Twitter Instagram

Para ilmuwan membunyikan alarm tanda bahaya polusi global

Credit : CC0 Public Domain

Media Phys kembali memberitakan hasil penelitian para ilmuwan dunia tentang dampak polusi global bagi manusia di seluruh negara. Berita dengan judul ‘Polluted’ babies, millions dead: Scientists sound alarm on global pollution, Rabu(18/5/2022) menguraikan, bahwa kemajuan dalam bidang kimia dan teknologi lainnya selama abad yang lalu telah membuat makanan lebih terjangkau dan transportasi lebih nyaman dan membuka jalan bagi sejumlah besar barang konsumsi. Sekitar 4 dari 5 rumah tangga AS memiliki komputer dan smartphone. Tetapi sains mengungkapkan kerugian manusia dari kemajuan-kemajuan ini.

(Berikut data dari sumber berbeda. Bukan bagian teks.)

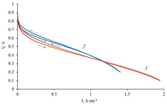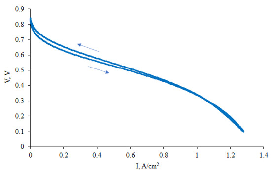 The polarization curve for the composite material Pt/2 used as cathode in the membrane–electrode assembly with PBI–OPht membrane at 180 °C is shown in Figure 9.
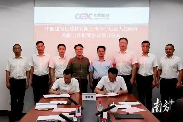 2023年8月3日至4日,廣東省平遠縣政府與中能建綠色建材有限公司簽訂合作協議,雙方將充分發揮各自優勢,全力打造“央地合作”新標桿,切實將優質資源優勢轉化為經濟發展優勢。雙方表示將在建筑砂石等礦產投資開發方面開展全面、深入合作。
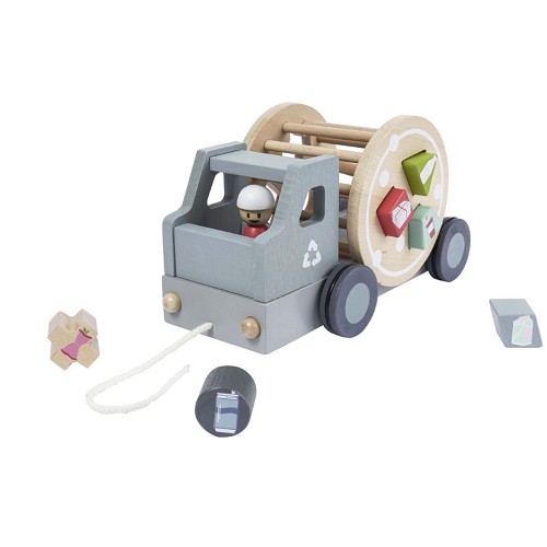 The pull-along recycling truck will educate your child about waste separation in a playful way. Six different types of waste can be sorted in the truck using the containers provided. The blocks are in different colours and shapes, which helps strengthen hand to eye coordination and understanding of colours and shapes. The rubbish drum which rotates as the truck is pulled along creates an extra stimulus to play.
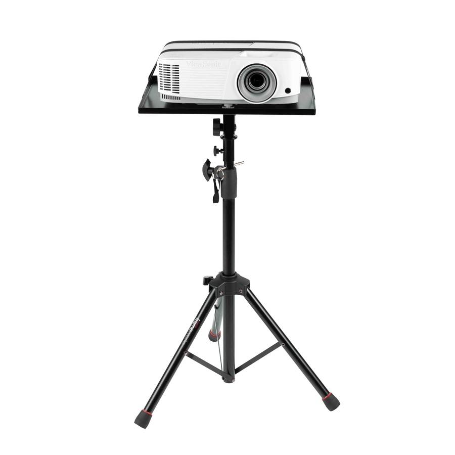 Vassoio stabile per laptop, proiettori, attrezzatura DJ e audio professionale.
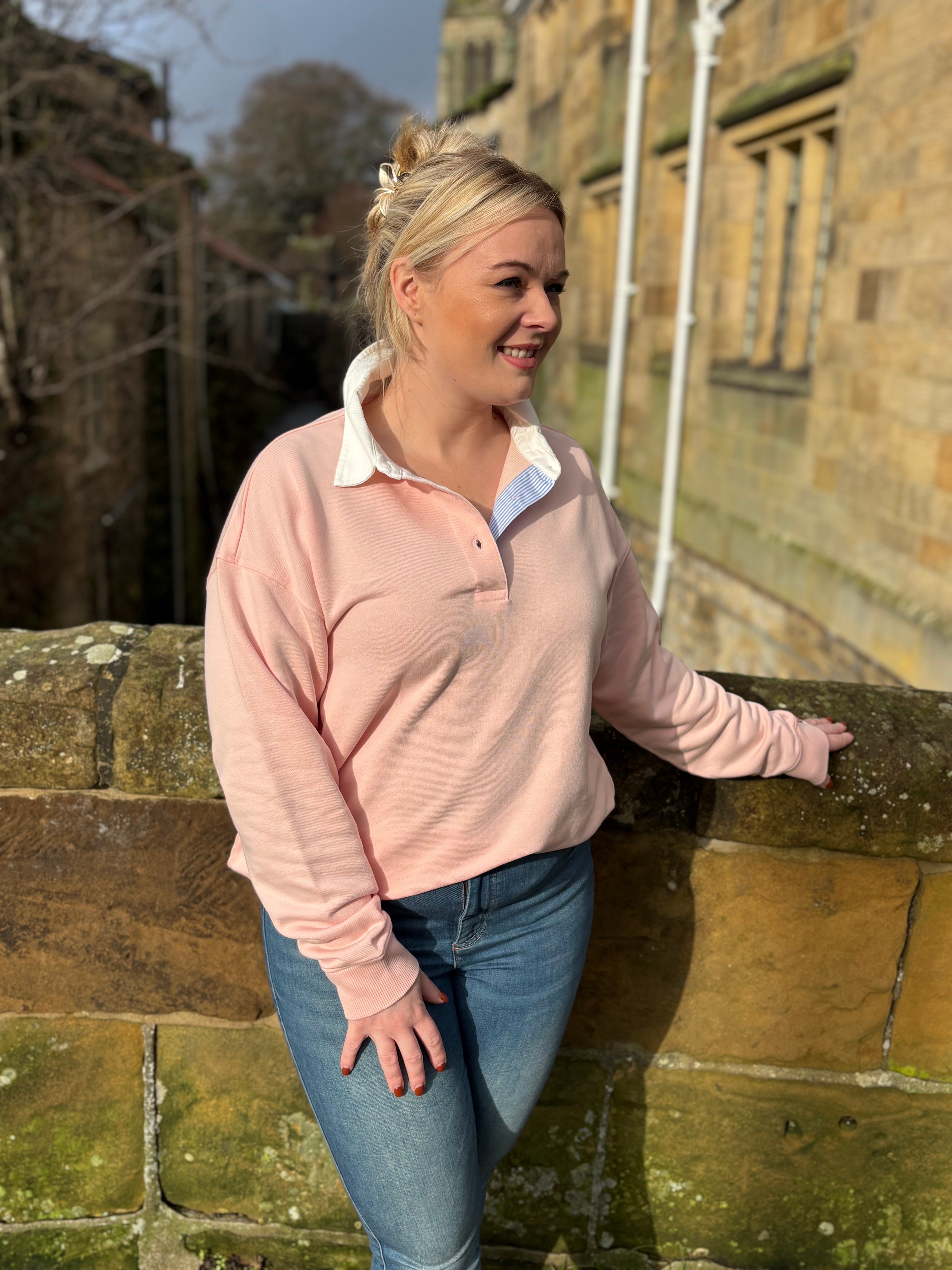 Embrace casual comfort with our Rugger Sweatshirt in a warm apricot pink. This relaxed-fit ladies' top combines effortless style with everyday wearability, perfect for layering or wearing solo. The soft fabric feels wonderful against your skin, while the classic rugby-inspired design adds character to your wardrobe. Whether you're heading out for coffee or settling in for a cosy day at home, this versatile piece keeps you looking put-together and feeling great.
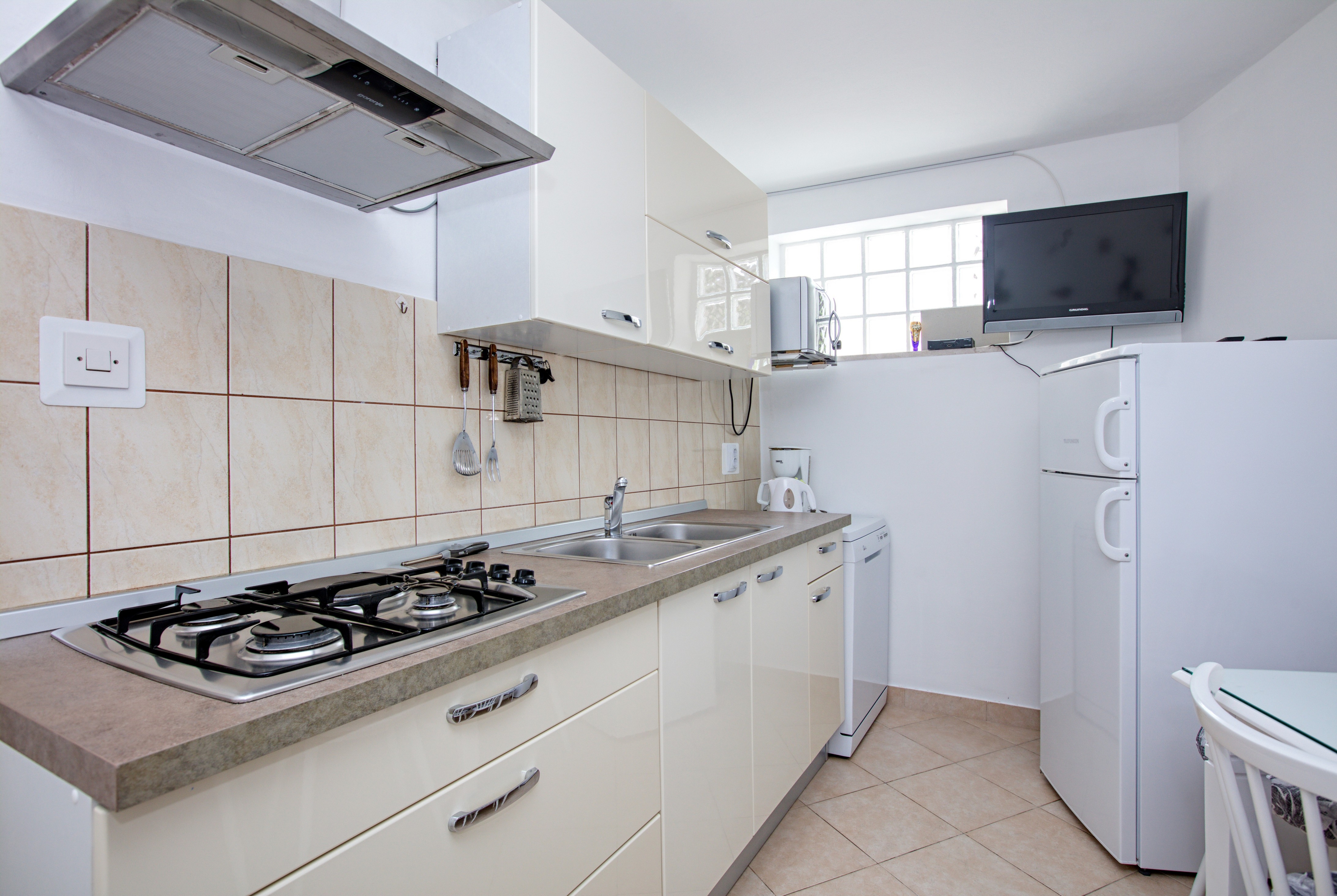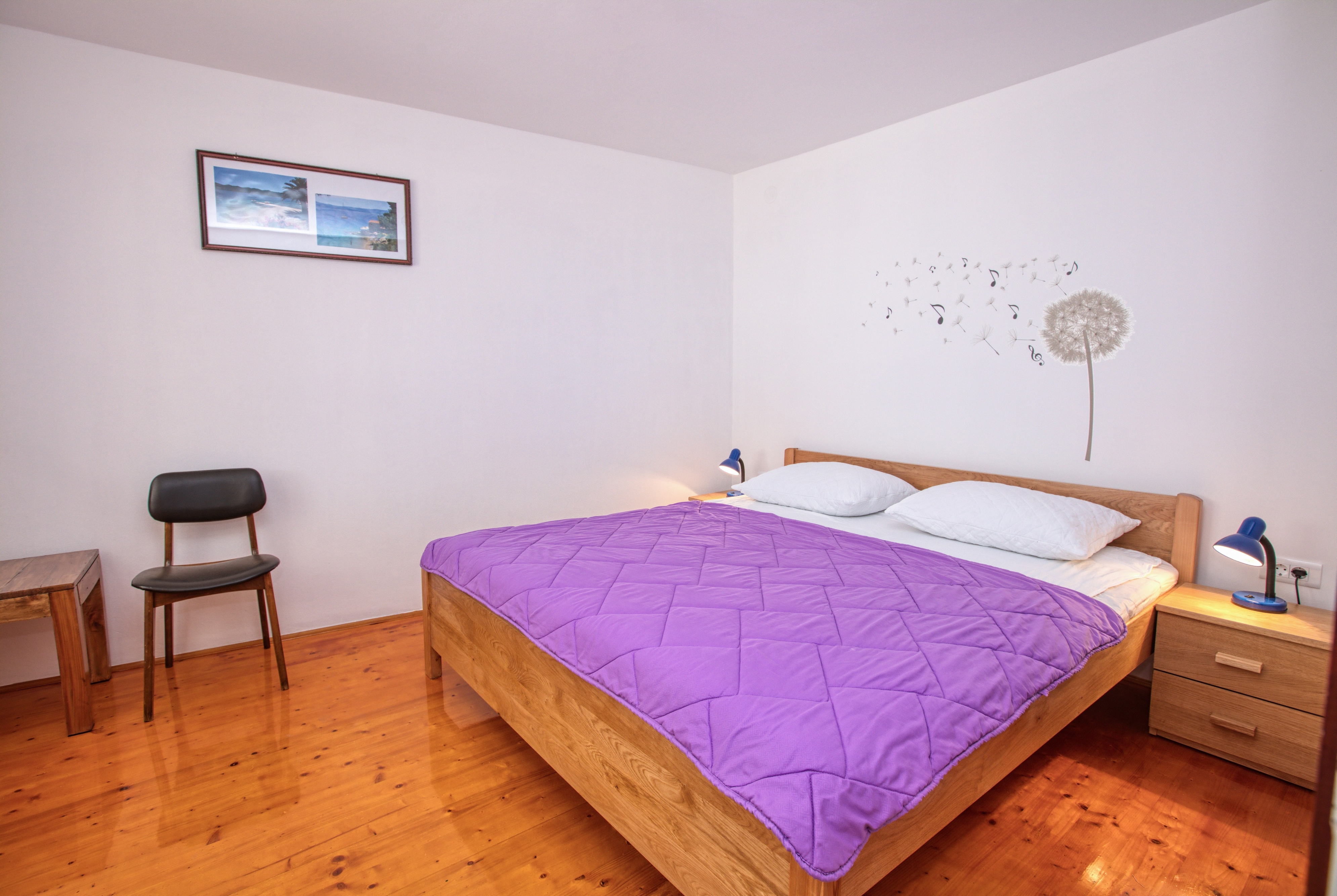 Apartament może przyjąć 4 gości. Łóżka znajdują się w sypialniach, których jest 2, na powierzchni 46m2. Goście mają dostęp do tarasu, by korzystać z ciepłych, letnich wieczorów. Z apartamentu roztacza się widok na morze. Możliwość przygotowywania posiłków poprzez korzystanie ze wspólnego grilla. WLICZONE W CENĘ: taksa pobytowa, sprzątanie końcowe, klimatyzacja, parking, internet, pranie bielizny, żelazko, deska do prasowania. OBOWIĄZKOWE KOSZTY DODATKOWE: dopłata za krótki termin (procent dopłaty w zalezności od liczby noclegów: 30% - 1, 20% - 2, 10% - 3). Dostępność dodatkowych usług w rezerwowanym terminie oraz ich cenę (jeśli nie jest podana) należy sprawdzić wcześniej. Za dodatowe usługi, które nie zostały uwzględnione w kalkulacji ceny, płaci się bezpośrednio właścicielowi obiektu, pod warunkiem śe gość korzysta z tych usług.
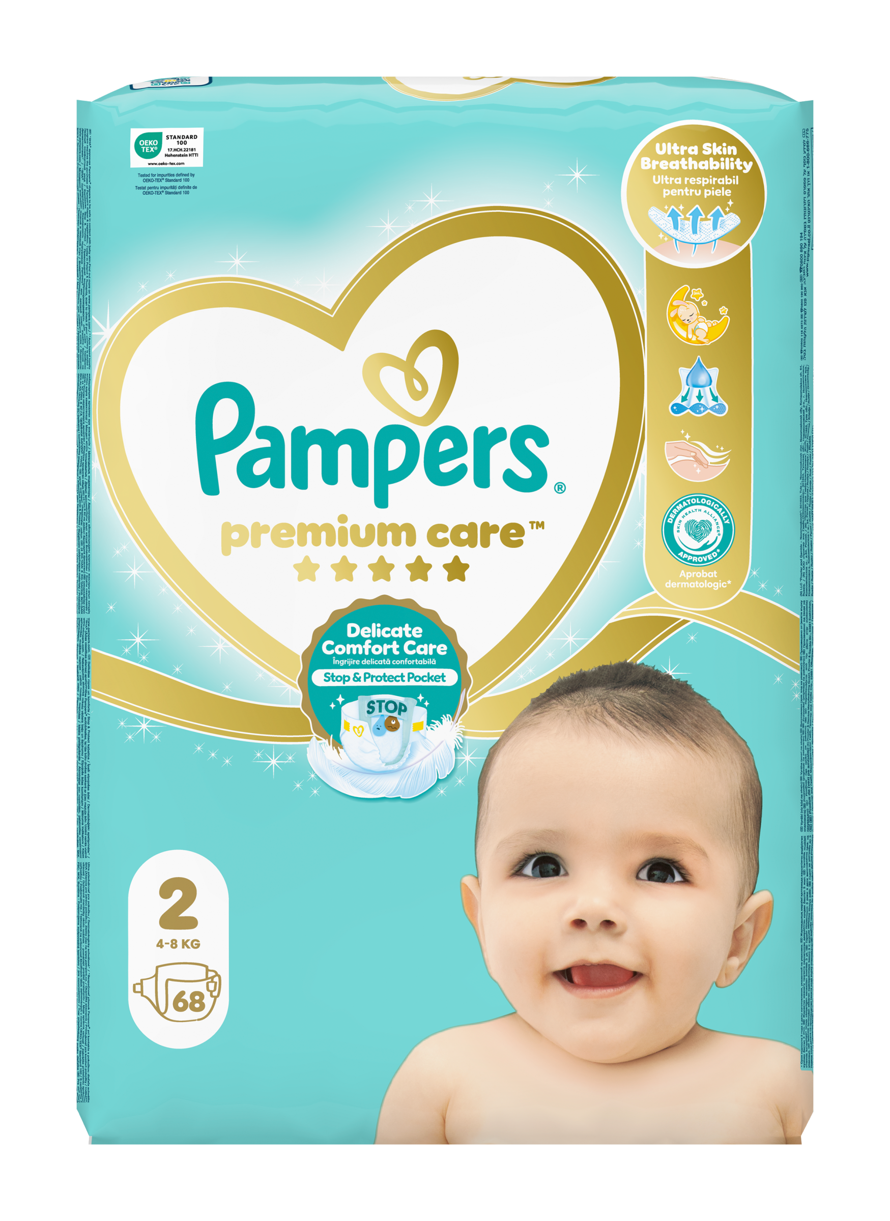 DVOJÍ OCHRANA: pro pokožku a před protečením. Nejlepší pohodlí a ochrana pro citlivou pokožku od Pampers – testováno a schváleno miminky. Plenky č. 1 od Pampers navržené speciálně pro citlivou pokožku novorozenců. A jsou také jedničkou Pampers v ochraně před protečením. Plenky Pampers Premium Care poskytují nejlepší ochranu od Pampers díky 1) OKAMŽITÉ ABSORPCI – více než 1 000 absorpčních mikropórů okamžitě odvádí vlhkost a nečistoty od pokožky a udržuje ji suchou a chráněnou. 2) JEDINEČNÉ KAPSE STOP & PROTECT, která brání protečení nečistot vzadu. 3) NADÝCHANÝM ULTRA HEBKÝM MATERIÁLŮM, které šetrně zabalí pokožku vašeho děťátka do pohodlí a poskytnou jí ochranu. a 4) jedinečnému pasu COMFORT FIT s pružným upevňovacím systémem od Pampers a s tvarem přizpůsobeným pupíku děťátka. Pampers Premium Care jsou pro pokožku vašeho děťátka 100% bezpečné: jsou dermatologicky testované a schválené dermatology z organizace Skin Health Alliance. Není divu, že je miminka schvalují.
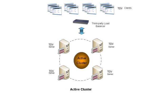 Clients typically connect to a third-party load balancer that forwards each connection request to the next available node. However, Active Cluster does not require a load balancer and it has no programmatic awareness of the load balancer. All configuration with a load balancer is performed outside of Active Cluster.
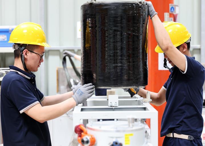沈陽微控飛輪技術股份有限公司的工人在進行組裝工作(2024年6月13日拍攝)。 新華社記者 李鋼 攝
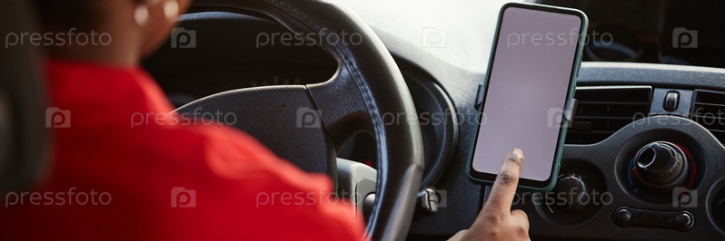 Водитель доставки, использующий смартфон в фургоне

Produksi dan konsumsi makanan, bahan bakar, dan material yang mendominasi kehidupan sehari-hari mengarah pada pencemaran lingkungan skala besar yang dapat berdampak pada kesehatan orang-orang di seluruh dunia.

Pada awal Mei, sebuah studi terobosan dari University of California, San Francisco terhadap 171 wanita hamil menemukan bahwa lebih dari 9 dari 10 memiliki jumlah yang terukur dari 19 bahan kimia dan pestisida yang berbeda dalam tubuh mereka.

Para peneliti mengatakan banyak dari zat tersebut melewati plasenta dan menjadi janin yang sedang berkembang, menambahkan bukti pada laporan National Institutes of Health yang memperingatkan bayi dilahirkan “pra-polusi” dengan bahan kimia.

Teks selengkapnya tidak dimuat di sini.